According to formula (3), the permutation matrix B is calculated.
4.
According to formula (7), the inter-class divergence matrix $T_{B}$ of the ODLLTSA algorithm is calculated.
5.
According to formula (11), the generalized eigenvalues are solved, and matrix A is obtained, and the non-orthogonal mapping matrix of DLLTSA is obtained;
6.
According to formula (13) and formula (14), matrix A is orthogonalized, and finally the mapping matrix C of ODLLTSA is obtained.

After the mapping matrix C is obtained, the data matrix and matrix C are multiplied to obtain the feature vector of each data to complete the dimensionality reduction of the data, and then the data after the dimensionality reduction is input into the chemical process fault monitoring and diagnosis. ODLLTSA can effectively deal with nonlinear data. Reducing the m-dimensional matrix to the n-dimensional matrix $\left( {m > n} \right)$ can not only retain the local neighbor relationship between data, but also reduce or maintain the distance between data under normal working conditions. The distance between the fault condition data and the normal condition data is increased as much as possible, thereby improving the accuracy of fault monitoring and diagnosis.

4 Chemical process fault monitoring based on KPCA

The kernel principal component analysis method is a nonlinear form of principal component analysis. It uses a kernel function to map the original space of nonlinear data into a high-dimensional space to make the data linearly separable, and then implement PCA in the high-dimensional space. The mapping diagram is shown in Figs. 2 and 3.

The specific analysis of KPCA is as follows:

We set the data point to n, and a positive definite kernel matrix K can be obtained from the kernel function calculation, as follows:

$$K = k\left( {x_{i} ,x_{j} } \right)\left( {i,j = 1,2, \ldots ,n} \right)$$

(16)

In order to ensure that the input data vector of the feature space is 0 mean, the data is standardized, and $\sum\nolimits_{i = 1}^{N} {\varphi \left( {x_{i} } \right)} = 0$. Then, the covariance matrix of the feature space is:

$$C^{H} = \frac{1}{n}\sum\limits_{i = 1}^{N} {\phi \left( {X_{i} } \right)} \phi \left( {X_{i} } \right)^{T}$$

(17)

Among them, $\phi \left( {X_{i} } \right)$ is the function after data mapping, $C^{H}$ is the eigenvalue decomposition.

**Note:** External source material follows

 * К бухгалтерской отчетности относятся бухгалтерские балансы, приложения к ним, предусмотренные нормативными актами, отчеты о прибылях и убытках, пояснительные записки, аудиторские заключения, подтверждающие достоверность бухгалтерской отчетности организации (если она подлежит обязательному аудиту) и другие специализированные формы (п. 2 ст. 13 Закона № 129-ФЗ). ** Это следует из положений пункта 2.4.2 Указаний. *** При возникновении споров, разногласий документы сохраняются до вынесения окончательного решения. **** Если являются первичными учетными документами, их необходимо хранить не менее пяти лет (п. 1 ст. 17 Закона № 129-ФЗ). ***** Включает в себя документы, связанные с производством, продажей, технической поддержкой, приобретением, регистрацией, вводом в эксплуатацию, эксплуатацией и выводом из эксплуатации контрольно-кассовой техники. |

If we assume that $\lambda$ is the eigenvalue and $\nu$ is the eigenvector, then

$$\lambda \nu { = }C^{H} \nu$$

(18)

After multiplying both sides of formula (18) by the mapped point $\phi \left( {X_{k} } \right)$, the following result is obtained:

$$\lambda \left( {\phi \left( {X_{k} } \right) \cdot \nu } \right){ = }\left( {\phi \left( {X_{k} } \right) \cdot C^{H} \nu } \right)$$

(19)

For the eigenvector $\nu$ of any $\lambda \ne 0$, there is a coefficient matrix $\alpha_{i} \left( {i = 1,2, \ldots ,N} \right)$.

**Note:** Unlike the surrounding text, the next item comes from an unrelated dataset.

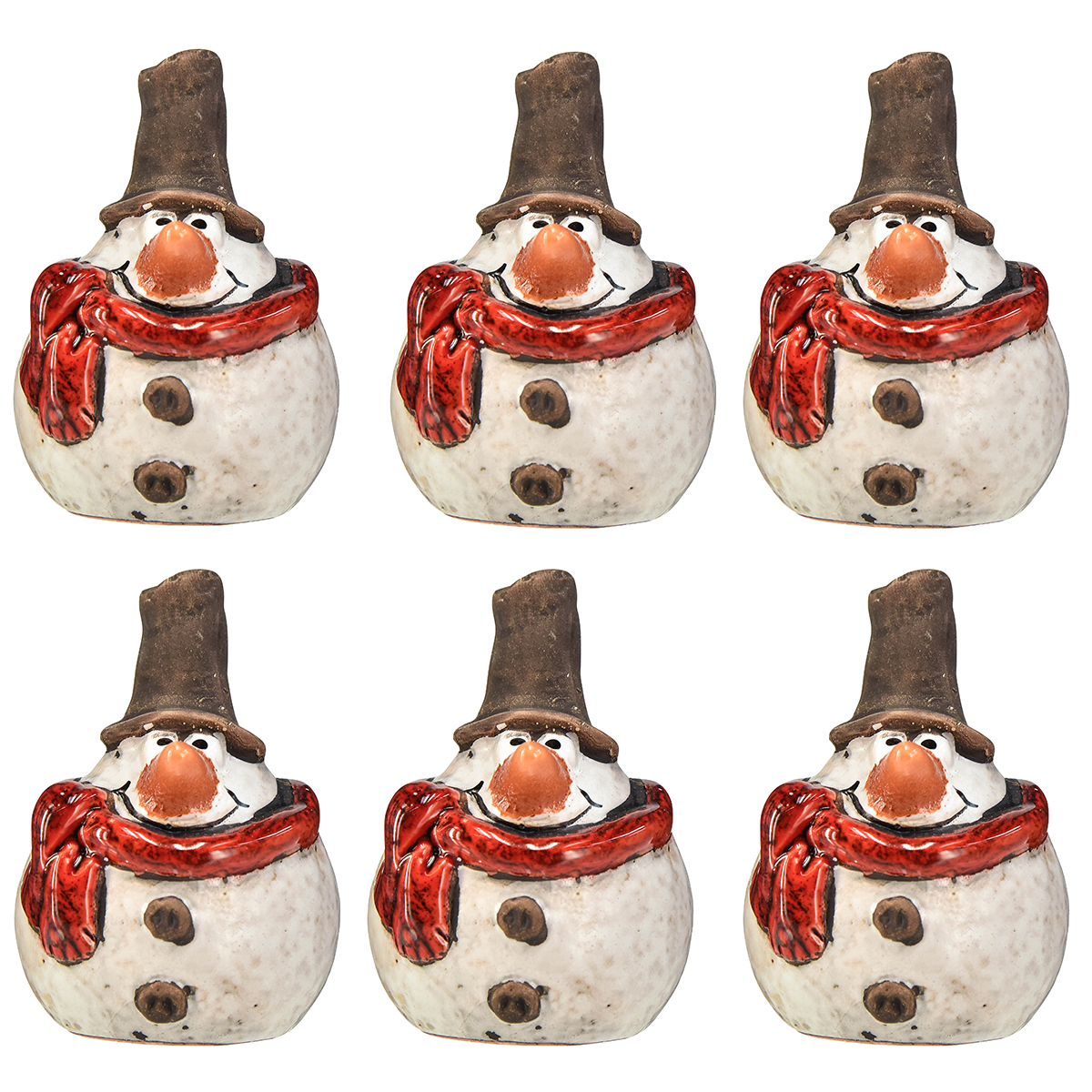 Keramická figúrka snehuliaka, biela, 6,9 cm – zimná vianočná dekorácia – 6 ks

$$\nu = \sum\limits_{i = 1}^{N} {\alpha_{i} \phi \left( {X_{i} } \right)}$$

(20)

After formulas (16), (17), (20) are brought into formula (19), we obtain:

$$\begin{gathered} \lambda \sum\limits_{i = 1}^{N} {\alpha_{i} \left\langle {\phi \left( {X_{k} } \right),\phi \left( {X_{i} } \right)} \right\rangle } = \hfill \\ \frac{1}{N}\sum\limits_{i = 1}^{N} {\alpha_{i} \left\langle {\phi \left( {X_{k} } \right),\sum\limits_{j = 1}^{N} {\phi \left( {X_{J} } \right)} } \right\rangle } \left\langle {\phi \left( {X_{i} } \right),\phi \left( {X_{j} } \right)} \right\rangle \hfill \\ \end{gathered}$$

(21)

In the formula: $k = 1,2, \ldots ,N,j = 1,2, \ldots ,N$.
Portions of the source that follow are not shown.